Южный ветер - Норман Дуглас
Шрифт:
Интервал:
Закладка:
— Как-то мы окрестили за день человек двести-триста из них. И уже на следующей неделе они ужасно набезобразничали — то есть совершенно позорным образом! Они безнадёжны, эти ваши друзья, хотя не любить их почему-то всё же нельзя. Да, подобного рода деятельностью мне приходилось заниматься немало, — добавил он.
— Вижу, вы человек действия. Мне иногда тоже хочется быть таким. Боюсь, те небольшие деньги, что у меня есть, обратили меня в лентяя. Правда, я размышляю и довольно много читаю. Путешествую, смотрю, сравниваю. Среди прочего я усмотрел, что наша английская система образования никуда не годится. Нам следует вернуться к прежнему идеалу — «Бивак и Двор».
— Совсем никуда? — поинтересовался епископ.
— Возьмите того же Дениса. Ну что такому ребёнку делать в университете? Нет. Если бы у меня был сын — однако, вам это, наверное, скучно?
— Мне с двадцати лет не было скучно.
— Желал бы иметь право сказать то же самое о себе. С течением лет мне всё труднее становится переносить дураков. Если бы у меня был сын, хотел я сказать, я забрал бы его из школы в день его четырнадцатилетия, ни минутой позже, и определил бы на два года в какой-нибудь торговый дом. Это расширило бы его кругозор, сделало из него гражданина Англии. Пусть научится иметь дело с людьми, писать прямые деловые письма, распоряжаться своими деньгами, пусть приобретёт определённое уважение к тем сторонам коммерческой деятельности, которые правят миром. Затем — на два года в какой-нибудь глухой угол мира, где, повинуясь суровым законам совместного существования, которые они сами выработали, живут простой жизнью его соотечественники, люди, равные ему по рождению. Общение с такими людьми основательно обогатит всю его дальнейшую жизнь. Следующие два года пусть проведёт в крупных европейских городах, там он избавится от неуклюжих манер и разного рода расовых предубеждений и приобретёт внешний лоск гражданина Европы. Всё это обострит его ум, сообщит ему пущий интерес к жизни, научит стремиться к знаниям. Расширит горизонты. А уж тогда и ни минутой раньше — в университет, куда он придёт не мальчиком, но мужчиной, умеющим извлекать удовольствие из того, в чём состоят его подлинные преимущества перед другими, способным слушать лекции с пользой для себя и приобретать манеры вместо манерности, проникаться университетским духом вместо университетской тухлости. Что вы об этом думаете?
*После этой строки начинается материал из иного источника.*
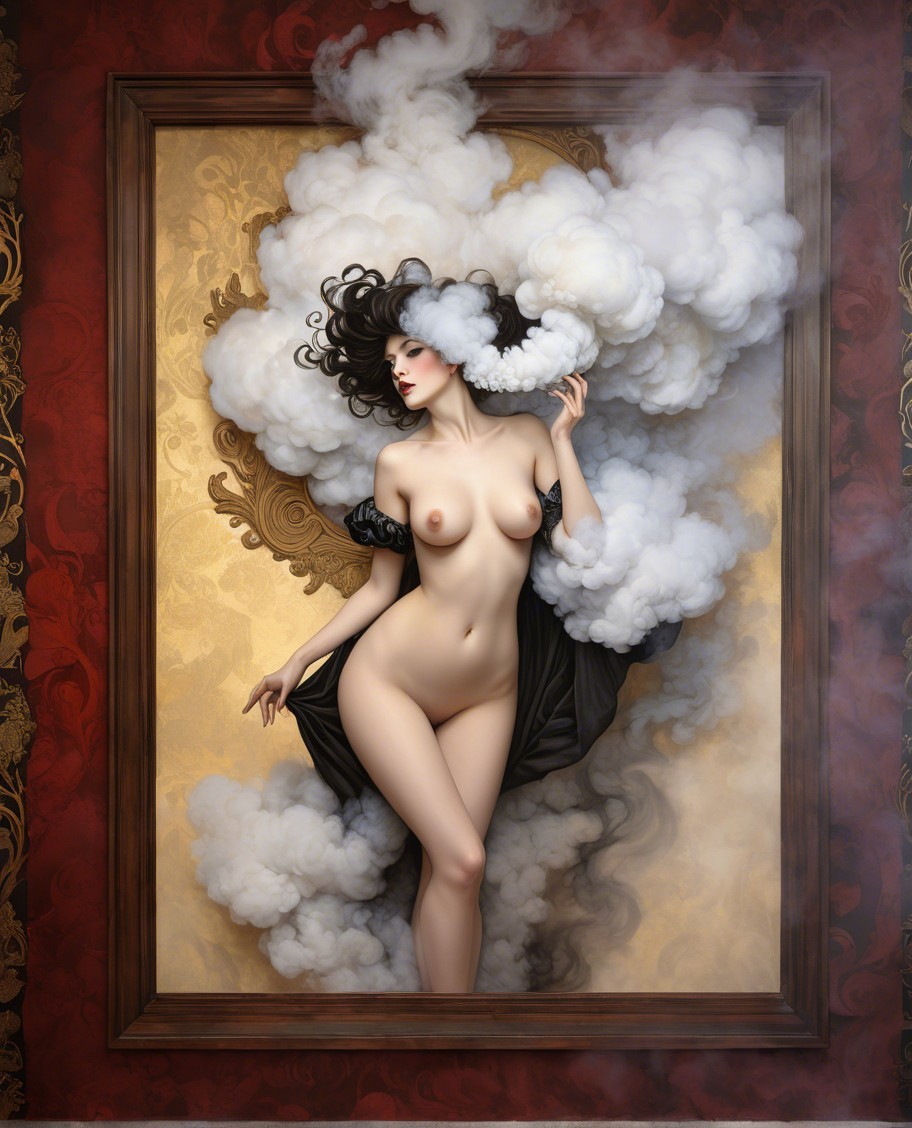 A striking figure in a stunning black outfit stands amidst swirling clouds of smoke. The dramatic lighting highlights her silhouette, creating a mysterious and enchanting atmosphere.

— Звучит немного революционно, но мне нравится, — с улыбкой заметил епископ. — Я принимаю близко к сердцу всё, что связано с образованием. Собственно говоря, я подумываю о том, чтобы оставить Церковь и посвятить себя преподавательской работе. Не знаю почему, но мне кажется, что в качестве преподавателя я бы принёс больше пользы.
Кит сказал лишь:
— Это интересно. Возможно, вы просто достигли конца Церкви.
Ему нравился этот молодой колониальный епископ, нравилось его открытое, честное лицо. Будучи натурой сложной, он всегда тяготел к целеустремлённым людям.
Его собеседник с удовольствием узнал бы, почему Кит нашёл его слова «интересными» и что означает вторая фраза, но от вопросов воздержался. Он был человеком по преимуществу замкнутым, хоть и не обделённым здравым смыслом. Раскурив сигарету, он ждал.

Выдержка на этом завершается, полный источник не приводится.